Junior Balkan Mathematical Olympiad 2021 - Problem 3 | Solution - 2 July 2021



Problem 3. Let $ABC$ be an acute scalene triangle with circumcenter $O$ . Let $D$ be the foot of the altitude from $A$ to the side $BC$ . The lines $BC$ and $AO$ intersect at $E$ . Let $s$ be the line through $E$ perpendicular to $AO$ . The line $s$ intersects $AB$ and $AC$ at $K$ and $L$ , respectively. Denote by $\omega$ the circumcircle of triangle $AKL$ . Line $AD$ intersects $\omega$ again at $X$ . Prove that $\omega$ and the circumcircles of triangles $ABC$ and $DEX$ have a common point.

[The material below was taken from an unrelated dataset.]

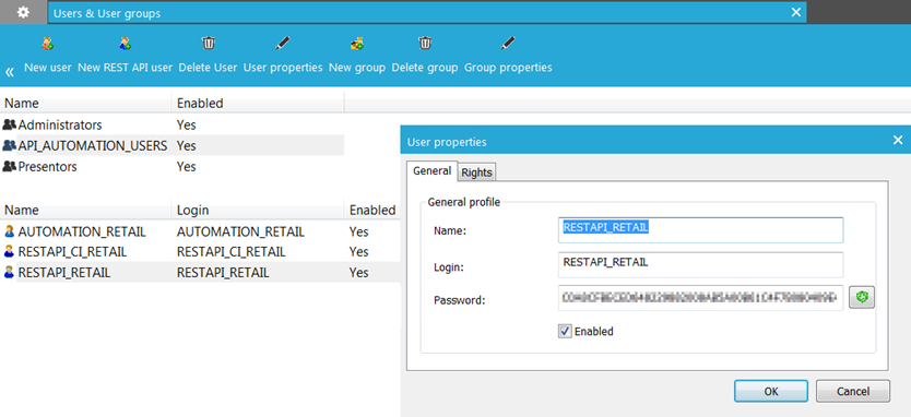 In Campaign, under ‘Settings, Users & User groups’, create a new REST API user. Enter the name and login name. A password is generated.

Solution Let $AO \cap (ABC) = Y$ . Since $\angle AKE = \angle ACB$ , we have $KBLC$ is cyclic. So by PoP, we have $AE\cdot EY = BE \cdot EC = KE \cdot EL$ , implying that $ALYK$ is cyclic. Now note that $\angle AXK = \angle ALK = \angle ABC$ , giving $BDXK$ is cyclic. Similarly $\angle AYK = \angle ALK = \angle ABC$ , giving $BEYK$ is cyclic. Thus by PoP, we have $AE\cdot AY = AB \cdot AK = AD \cdot AX$ , implying that $DEYX$ is cyclic, so the circumcircles of $ABC , DEX$ and $AKL$ have a common point, which is $Y$ . :